Omit all pictures, and print word for word only the lines from the one containing "تصویر ۱- موزه" through the end of the data.

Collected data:
• • • • •
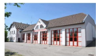
Genau ein Jahr nach dem Spatenstich für das neue Feuerwehrhaus der FF Gföhl in der Bergstraße 29 fand am Sonntag, 24. Oktober 1993, die feierliche Übergabe und Eröffnung des neuen Hauses statt.
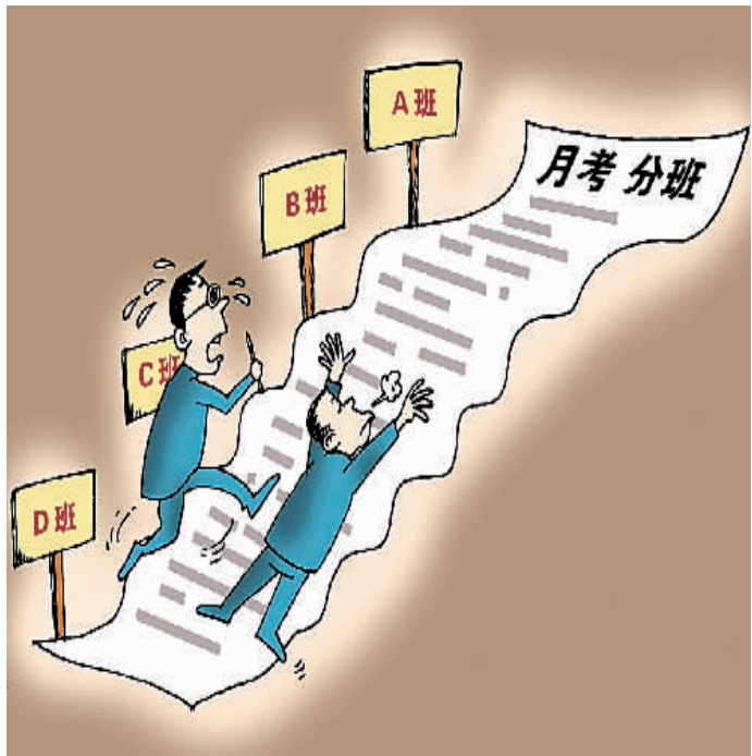
据11月20日《华商报》报道：“这次月考完根据成绩重新分班，已经到新班上上课了，以后每次月考完都要分班。分到差班的学生有的哭了，也没有心情写作业。”西安市西电中学初三学生反映，该校根据成绩分班，学生感觉很折腾。该校一名负责老师回应：“这是分层教育，请大家理解。” 升学压力不一般，哪堪月月再分班。学生哭来家长怨，分层教育真打脸。 分数歧视上演，教书育人全跑偏。有教无类传千年，说说容易行真难。 郑晓华 文 高晓建 绘
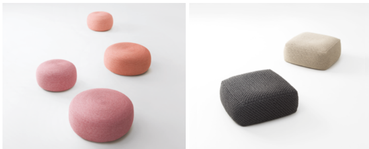
Otto, Picot , design Paola Lenti CRS

Pouf réalisé en cousant en spirale (Otto) ou crochant (Picot) des cordes de lin ou de chanvre. Le rembourrage peut être naturel - en latex, fibre de paineira et feutre de laine - ou synthétique, en fibre de polyester recyclé et polyuréthane ou en microsphères de polypropylène.
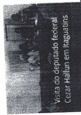
Visita do deputado federal Cezar Hallum em Itaguatins
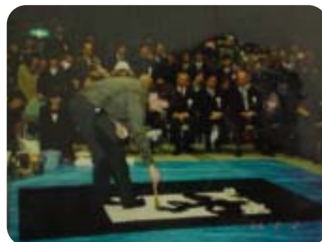
留学生が書道に挑戦
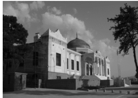
تصویر ۱- موزه مردم شناسی، اثر عاریف حکمت بیک، آنکارا،
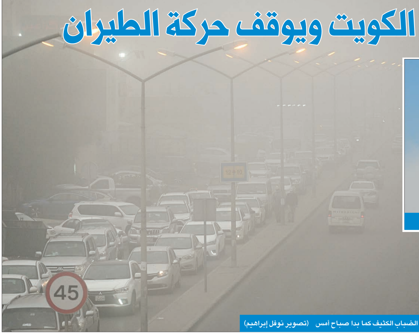
الضباب الكثيف كما بدا صباح أمس
• • • • •
* **EXERCISE OUTPUT**
تصویر ۱- موزه مردم شناسی، اثر عاریف حکمت بیک، آنکارا،
الضباب الكثيف كما بدا صباح أمس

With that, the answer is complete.